Wie met de trein van Groningen naar Leeuwarden reed zag vanaf Feanwâlden alleen maar water. Dorpen lagen als eilandjes in het water. Ouden van dagen hadden sinds 1825 niet meer zo veel water gezien.

Ook de landerijen ten noorden van de Boorn waren in die nacht overstroomd. Het was er een grote watervlakte tussen Akkrum en Aldeboarn. Sommige mensen bij het dorp Aldeboarn hadden het water een meter hoog in de huizen staan en slaan op de vlucht.

De dorpen Snikzwaag, Terkaple en Akmarijp stonden midden in het water. In allerijl hadden mensen die nacht hun meubilair op zolder gebracht. Bij Echtenerbrug en Delfstrahuizen had de storm zes gaten in de dijk van het Tjeukemeer geslagen. Het water golfde over de weg.

Op Ameland sloeg de storm over een lengte van 20 kilometer 10 meter duin weg. Het badpaviljoen moest worden verplaatst. Op Schiermonnikoog was over een afstand van 200 meter de strandboulevard weggeslagen.

Een grote binnenzee

Elders rond de Zuiderzee was de ramp nog groter. Dagenlange regen had de slechte dijken verzwakt. Die braken op tientallen plaatsen door. Van Zwolle naar Meppel was het één grote binnenzee. Honderden stuks vee kwamen om.

De stormklokken luidden en het vee moest tot schouderhoogte door het water naar een veilige plek worden gebracht. 

Doden

In Noord-Holland vielen negentien doden, van wie zestien op het ondergelopen eiland Marken. Een gebied van 14.000 hectare in Noord-Holland, van Amsterdam-Noord tot Zaandam, Purmerend en Edam, liep onder water, nadat de Waterlandse Zeedijk bij Katwoude was doorgebroken.

In de Zaanstreek hadden Oostzaan en Zaandam Oost het meest te lijden. Koningin Wilhelmina bezocht de getroffen gebieden. In Monnikendam stapte zij ‘zonder aarzeling tusschen de geredde beesten door’.

Volendam en Bunschoten-Spakenburg werden ook zwaar getroffen. Duizend vrouwen en kinderen uit Volendam werden met botters en andere boten naar Enkhuizen gebracht. Koeien werden uit hun warme stal de kou ingejaagd. Er kwam voedselgebrek en 18.000 dieren werden naar Duitsland getransporteerd dat de helpende hand bood.

Afsluitdijk

De watersnoodramp van 1916, in combinatie met de hongersnood die volgde in 1918, leidde ertoe dat waterstaatskundigen met spoed gingen nadenken over de afsluiting van de Zuiderzee.
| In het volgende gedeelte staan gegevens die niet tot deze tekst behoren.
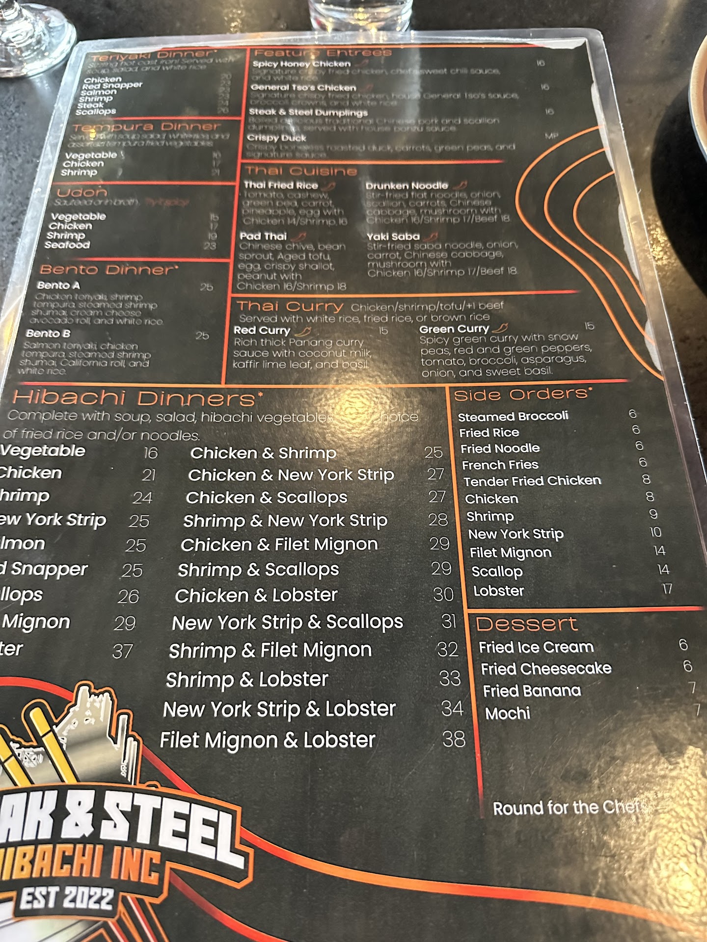 Ā Ā Ā Read moreThis one aināt good!! The food was phenomenal as always!!! Weāve been going there for a few years now. My 15 year old wanted to go there for her birthday and we loved the idea, however this is the first time weāve been so upset about our experience. The table was full and we love that, however the āshowā so to speak was beyond sub-par. Our chef was a trainee, and I certainly do not have an issue with that. Everyone needs to learn their trade, however if our party was just going to have a chef cook the meal with zero personality or zero āshowā, we could have done that at any table. The fact that we shared a space with a younger group of patrons (30 somethingās) was great, however my 15 year old got zero experience & zero attention from it. The other side had a rockin party and Iām sure well deserved but my party of 4 was basically ignored because he was just a trainee. The group of 30 somethingās had a grand old time and my child & her best friend got dinner. Not cool for such a special time in her life. We wanted to make it a big deal for her and we got nothing. I donāt care about the cost, happy to pay, I donāt care about the table, happy to sit with anyone, but the fact that my 15 year old was disappointed by the experience bothers me. I did speak to the young, very young, very, very young āmanagerā & he was about as useless as they come. Again, Iām happy to pay the tab, not looking for any type of discount or freebie, just looking to have my child enjoy her 15th, with her best friend and we got dinner. The gentlemen, was an excellent chef, but the experience pretty much ruined the āflavorā for us. If the restaurant wants to reach out. Iād be happy to discuss our displeasure. Again we love, love, love, Steak & Steel, however this time, they really dropped the ball for us. It may be a while before we come back, and Iām actually...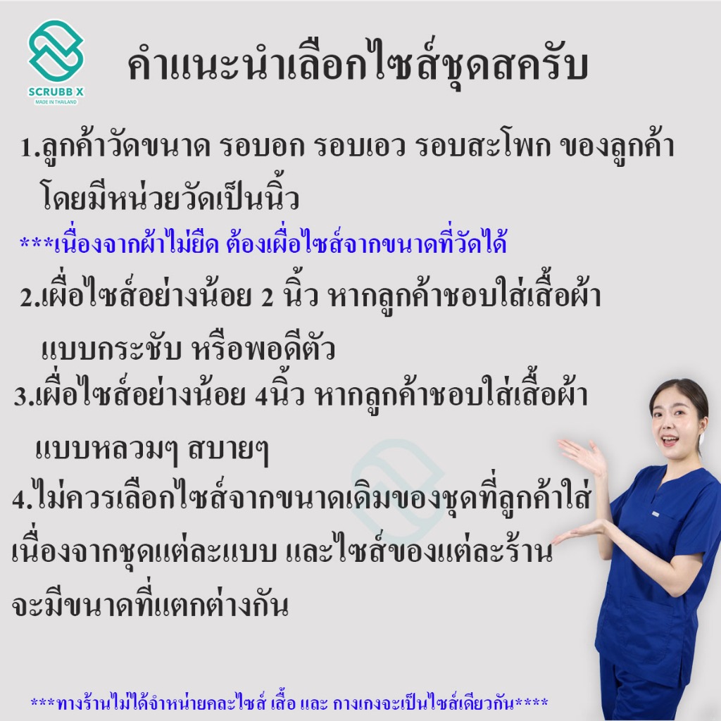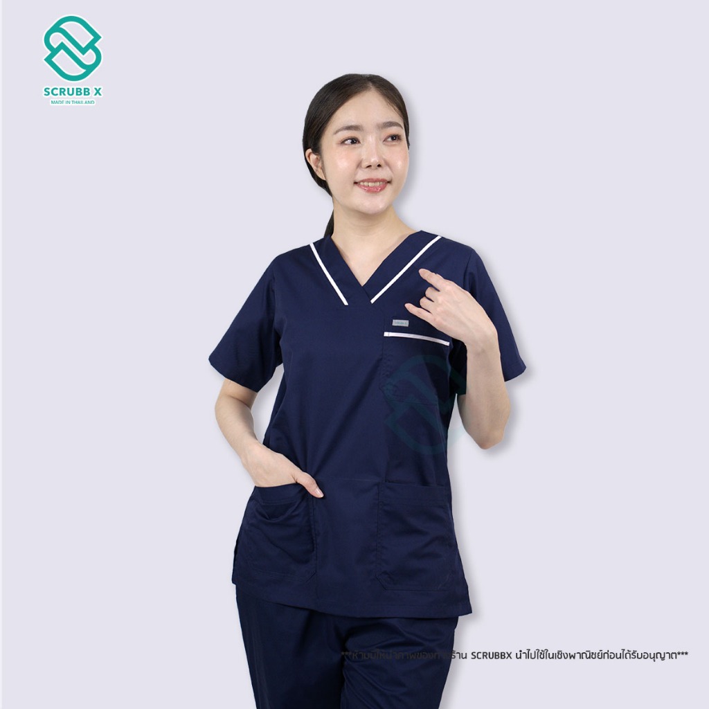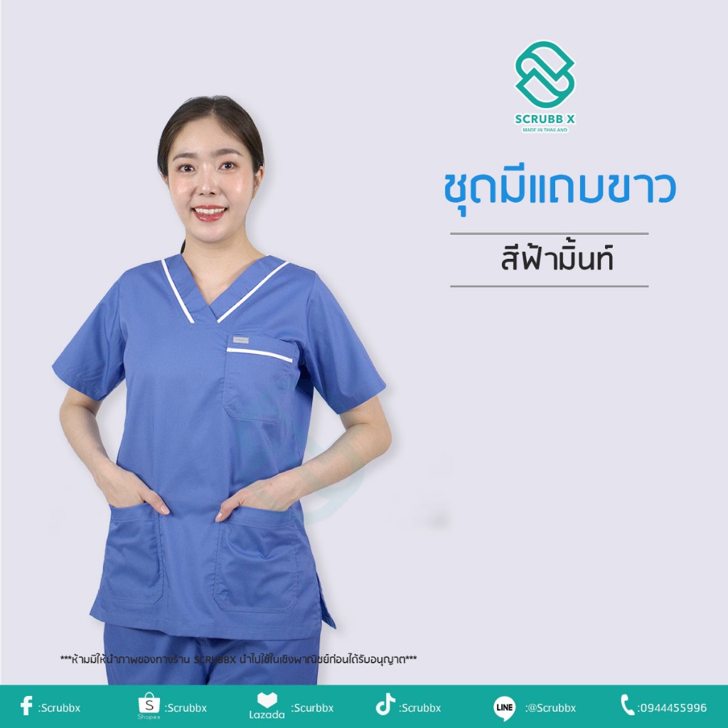 ชุดสครับแบบมีแถบขาว คอวี สีฟ้ามิ้นท์ สีกรม ชุดสครับเครือรพ.กรุงเทพ ผ้าคอมทวิวใส่สบาย ใส่ได้ทั้งหญิงและชาย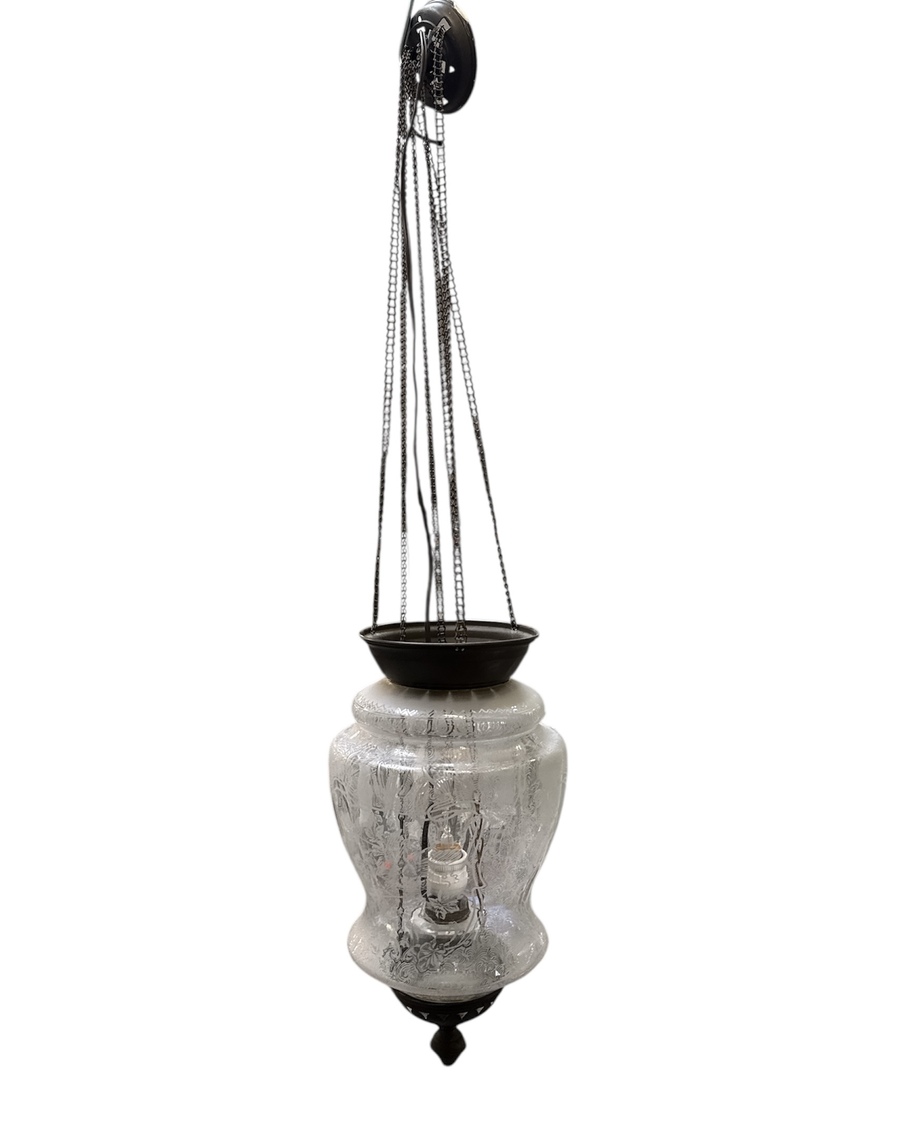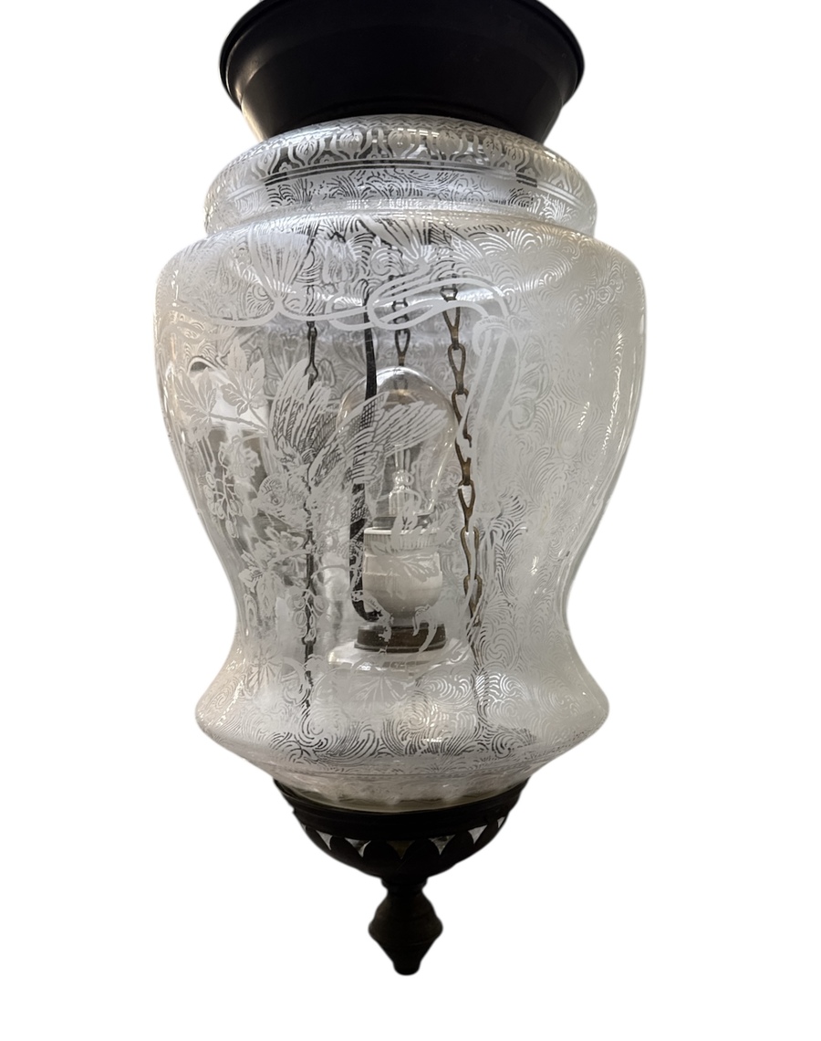 Hanglamp uit de Art Nouveau periode, vervaardigd uit mousselineglas met een goudkleurig messing montuur. De kap toont een verfijnde geëtste decoratie van florale slingers en gestileerde vogels binnen een geometrisch kader. De balustervormige corpus hangt aan een messing kettingconstructie met decoratieve plafondrozet. De hanglamp dateert uit het begin van de 20e eeuw en heeft een herkomst in West-Europa. Zeker zijn van deelname? Plaats vanaf 3 april een schriftelijk bod online! |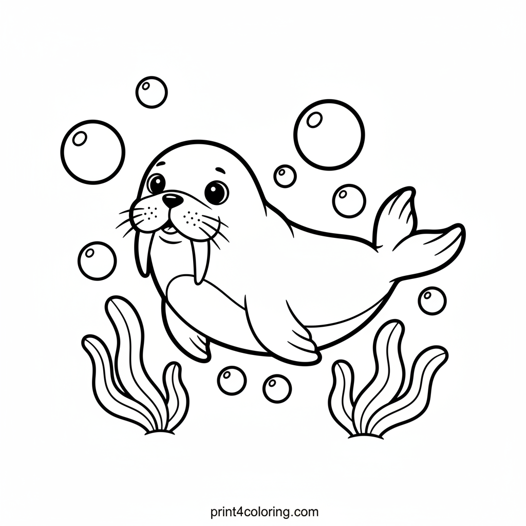 #walrus#ocean#underwater#bubbles#sea#fantasy#marine-life#easy#coloring-page#printable

Cornelis Lely was toen minister van Waterstaat. Na de ramp drong hij opnieuw aan op uitvoering van zijn plan voor de afsluiting van de Zuiderzee. Al sinds 1891 wachtte dit plan op realisering. In 1932 werd de Afsluitdijk gedicht. Daarna volgden de Flevopolders.

De januarivloed van honderd jaar geleden zette het hele land in beweging. Er volgen wekenlange inzamelacties. De dagbladen waren de centrale inzamelpunten. De ‘Algemeene vereenigde commissie ter leniging van rampen’ deed enkele weken nadien gedetailleerd verslag van de inkomsten.

Juliana leegde spaarpot

Zelfs de kleine prinses Juliana had haar spaarpotje geleegd. 

‘Giften in de dagbladen 2.714285,83 gulden, waaronder 10.000 gulden van de Koningin, Prins Hendrik 1000 gulden, de Koningin-Moeder 5000 gulden, en Prinses Juliana (inhoud van spaarpot en beurs) 20,13 gulden’.

De prinses voegde een zelfgeschreven briefje bij haar gift, schreef de Nieuwe Rotterdamsche Courant. 

‘Dat briefje is een doodgewoon kinderbriefje, aardig, omdat er zoo goed uit blijkt, dat het een briefje is van een bijna zevenjarige, dat niemand dan de Prinses alleen de hand heeft gehad in deze kinderlijke spontane daad van medelijden’.